As for doctors and patients: When I can save an insurance company 40% on major surgery costs, which I do routinely for uninsured patients, and their legal teams hold up a contract for months due to undislosed deliberations and laws that may serve them but not patients, yes, I have a major problem with lawyers: They cost money and put up barriers to care.

Sure, we need some rules. Some compliance. But how much? As the world's leading producer of lawsuits, we're way beyond the "happy medium" you refer to. Can we really legislate and sue and spin ourselves into a functional, happy nation?

The fact is we have too many bureaucrats, compliance officer, lawyers, and lawsuits. Is the legal profession -- are you? -- proud of such sociopaths as John Edwards? Is he a welcome part of the "happy medium?"

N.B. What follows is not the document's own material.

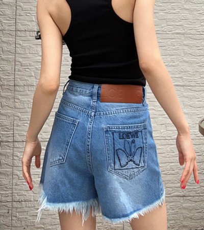 • [홍콩명품.LOEWE] 로에베 23SS 로고 자수 데님 미니 쇼츠 반바지, BM5746, BR, 홍콩명품쇼핑몰,인터넷명품,온라인명품사이트,여자명품,해외직구

The Death of Common Sense pretty well spells out what most of us already know. And as for my opinions, as reviewed above and in the recent Tony Blue Eyes, the problem if broader than just the lawyers.

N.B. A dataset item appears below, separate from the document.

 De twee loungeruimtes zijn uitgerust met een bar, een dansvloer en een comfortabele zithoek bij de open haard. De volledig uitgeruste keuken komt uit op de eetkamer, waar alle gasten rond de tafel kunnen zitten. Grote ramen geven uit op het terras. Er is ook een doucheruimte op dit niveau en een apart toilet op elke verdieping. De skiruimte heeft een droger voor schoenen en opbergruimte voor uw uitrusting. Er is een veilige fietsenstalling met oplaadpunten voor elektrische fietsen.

Join me in calling for a law school holiday. We've got as much justice as we can possibly handle.
Comment by Spurtler on September 8, 2010 at 2:29pm
My commercial philosophy has always been that all characteristics, both good and bad, start at the top and are disseminated throughout the system. At the top of our social system are government, religion and commerce. Today, I see no evidence of any of these systems perpetuating what I call socially redemptive values. I don't think the challenges you cite are merely legally and govern-mentally spawned. I think all three societal leader groups are unworthy of their responsibilities. I also think citizens are rightly burdened with the responsibility to shout when they see wrongdoing. Not voting is a vote! We need whistle-blowers, not compliance officers (but, then we'd have corrupt whistle-blowers, sadly!).

I'm a US Resident, not a citizen, so I have lived in other societies that do not share the challenges of the US. They have their own challenges. However, you will never remove greed and fear as motivators in any type of society. You just need to hold your own character values and also surround yourself with those who share these values. Over time, society can change. Let's hope its an improvement!

Ok, now let's get back to health care activism.
Comment by Denis Van Loan D.D.S. on September 15, 2010 at 2:51pm
Thank goodness I am retired from dentistry. I only see the health care problems getting worse with the implementation of the comprehensive health care plan by the government. It doesn't target dentistry yet, but I'm sure it will follow if the process is not reversed. In my view there will be a disincentive for aspirants to become M.D.'s. Those, already doctors, will will soon be over whelmed with the millions of patients added by the government health care plan. When politics and government get involved I see a deterioration of health care. Politics have a way of trumping what is best for the patient...Denis Van Loan D.D.S.
Comment by Arnon Krongrad, MD on September 15, 2010 at 2:57pm
 Denis, of possible interest: In Defense of Physician Autonomy.